Speech interaction with digital technologies is becoming more a part of everyday life, and as we increase our use of voice commands, accessibility and fairness across the world’s languages becomes ever more important. At Speechmatics, we have introduced self-supervised learning in an effort to increase our global language reach. Some languages have tens of thousands of hours of labelled acoustic data, others have just a few hours.  In this talk we will explore the benefits of sample efficiency that we see from self-supervised learning, and how it is enabling us to reach state of the art performance across both high- and low-resource languages.

About the Speaker

Benedetta Cevoli & Bethan Thomas

at Speechmatics

Benedetta is a Cognitive Scientist with expertise across the fields of social sciences and natural language processing (NLP) interested in making technologies work for everyone. She’s currently focussing on topics of AI Bias and inclusion in the settings of automatic speech Recognition as a Data Scientist at Speechmatics. She previously completed an interdisciplinary PhD between Psychology and Computer Science at Royal Holloway, University of London studying the interlinks between artificial language models and human language. She has published several peer-reviewed scientific articles across the field of psycholinguistics, artificial intelligence, and sleep and holds a BSc in Psychology from the University of Trieste, Italy.

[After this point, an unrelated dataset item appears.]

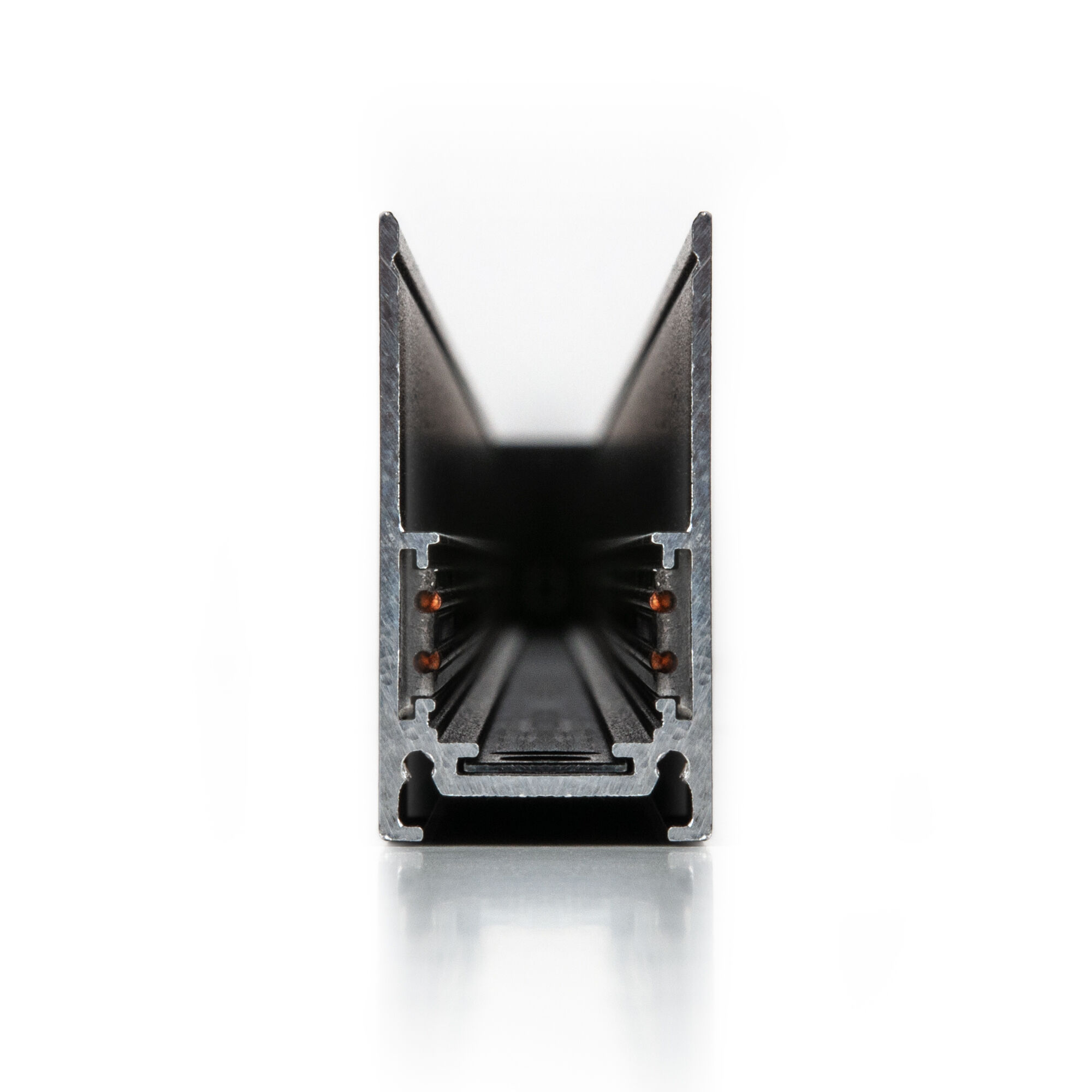 Шинопровод накладной черный 1м Slim Magnetic. Slim Magnetic — низковольтная трековая магнитная система освещения. Благодаря низкому напряжению 48 В является безопасной в использовании и может быть установлена как на потолок, так и на стены. Светильники держатся на шинопроводе с помощью магнитных креплений, что позволяет свободно перемещать и добавлять новые источники света по всей длине трека без дополнительного монтажа. Для максимальной надежности светильники дополнительно оснащены фиксатором с кнопочным механизмом.

Bethan is a Machine Learning Engineer specializing in speech technology. She has a background in linguistics, from where she moved into the field of speech and language processing. She has several years industry experience working on various projects including text-to-speech, automatic language evaluation, sign language generation and, most recently, automatic speech recognition. She is passionate about understanding and reducing bias in AI systems, as well as methods to utilize the huge power of self-supervised learning for speech.